If I may show my extreme nerdiness...

*cracks knuckles*

The rare version of Snaggletooth is actually the tall version with the blue suit. It was created for an early Cantina playset, but the pictures used to create the first figure only showed the head, so the sculptors didn't know the character was supposed to be a dinky little guy. The version you have in the picture is the one released by itself, and is about the same in rarity as the other average figures from the time.

I had that one too, but I chewed its nose off. I was about four at the time.

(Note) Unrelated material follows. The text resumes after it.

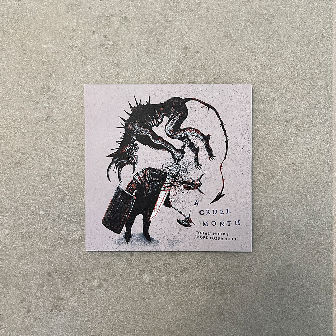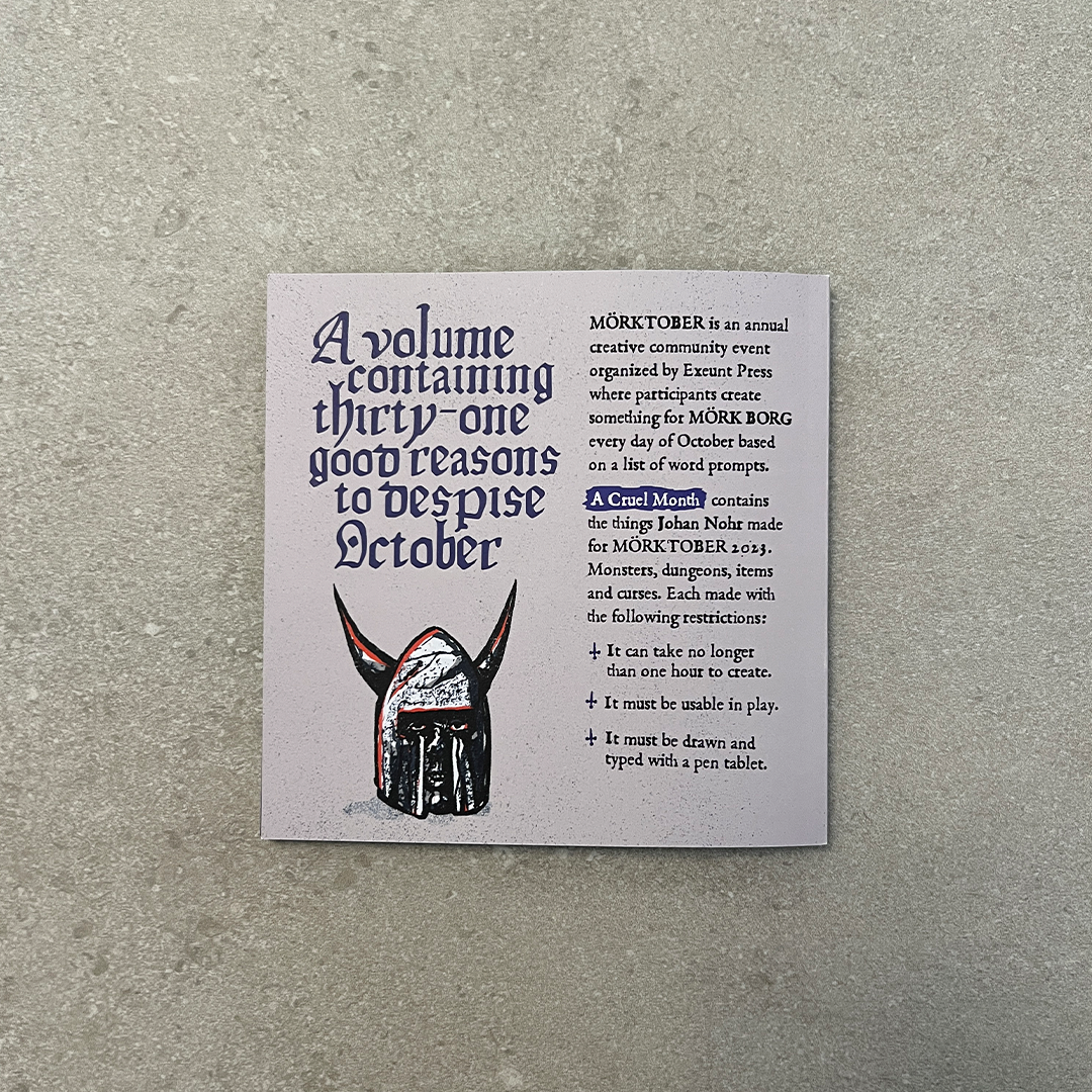 A Cruel Month is a collection of 31 one-page, horrible things made by Johan Nohr as part of the annual community event MÖRKTOBER (organized by Exeunt Press) where participants make something for MÖRK BORG every day of October. Deal with the Tooth King, visit the hamlet of Blight, encounter the Fish that Walks, and play the Eternal Flute for good measure. Surely, nothing bad can happen?

Christopher Fletcher said...

Ah, indeed, I remember now that business about the blue Snaggletooth! J seems to think that the one he has one of those that they sent to people in exchange for sending in a certain number of proof-of-purchase symbols from other figures, but I'm not sure about that. It's certainly possible, because I picked up second copies of C3PO and a storm trooper like that. Also, the first run of Boba Fett was offered like that sometime before the rest of the Empire Strikes Back figures were out in stores.I ended up with two Boba Fetts that were slightly different in their coloration somehow. Now I wish that my own set of those figures were here (their in storage up at my Dad's) because J is missing a lot of them that I had and we could have more throughly reenacted the movie via Twitpic last night!

Neither of us have down here our big 12 inch figures--those were the BEST! The large Boba Fett has all kinds of accessories and you can look through his "eye" (hole that goes through his head, like the old 6 Million Dollar Man doll), and it has knee and elbow joints so you can pose it in all kinds of ways.

Anonymous said...

Found an article that talks about the Blue Snaggletooth thing, and also a little about the rarest Fett figure of them all:

http://www.x-entertainment.com/articles/0479/

A quick flip through my copy of The Star Wars Action Figure Archive (which is copyrighted 1999 and is now woefully out of date, but the info on the old figures should still be accurate) would suggest that Snaggletooth was never a send away figure. The blue version was apparently available only at Sears, so maybe that's where Jeff got the idea.

And yes, I own a copy of the Star Wars Action Figure Archive. You may now stone me for my nerdiness.

Jeff Kozzi said...

Sears had a Christmas catalogue special every year, and the first was a cardboard cantina playset with an exclusive blue Snaggletooth.
Later exclusives included a Hoth hanger bay with the land of Jawas playset base cast in white snow, and a cardboard AT-AT that used the same base. One of the Return of the Jedi exclusives used the droid factory base as a Jabba's Palace droid torture room and came with later general release versions of Jabba's white torture droid, a Klaatu and a Niktu.